The Castle School is a secondary school in Taunton, Somerset, England. It has 1200 pupils aged 11 to 16 and had specialist Sports College status in 2003. It was granted a second specialism in Vocational Education. During the school's Ofsted inspection in 2009, it received an "outstanding" rating in 26 out of 27 criteria. In 2023 it again received an Outstanding judgement from Ofsted - the first comprehensive secondary school in the south west of England to be judged outstanding under the new framework. In July 2011, the school became an Academy.

==Site==
The original parts of the building include the tower block, and the ground floor building connected to it, which covers the main hall and science blocks.

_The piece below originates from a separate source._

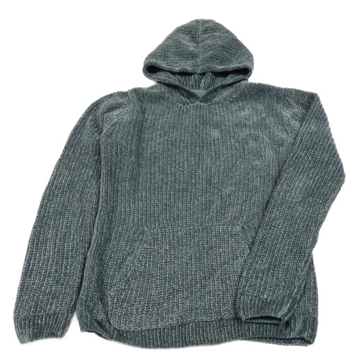 Břidlicový melírovaný rebrovaný žinylkový sveter s vreckom a kapucňou KIABI

The newer buildings include the Qdos Building, which opened in 2010 replacing two ageing mobile huts and partly extending the Jubilee building, the Sealy Building, Sports Hall and Sports Centre and the Jubilee Building which opened in 2003. The newest additions are the Naylor Building and the New Dining Hall. This has enabled departments to grow and offer more to its pupils by way of facilities and improved teaching rooms.

== Sport ==
The Castle School is heavily involved in sport and offers pupils a wide variety of sports such as football, basketball, tennis, golf, hockey, athletics, and many more to participate in. The Castle school has a 3G pitch and athletics track, as well as the usual sports facilities.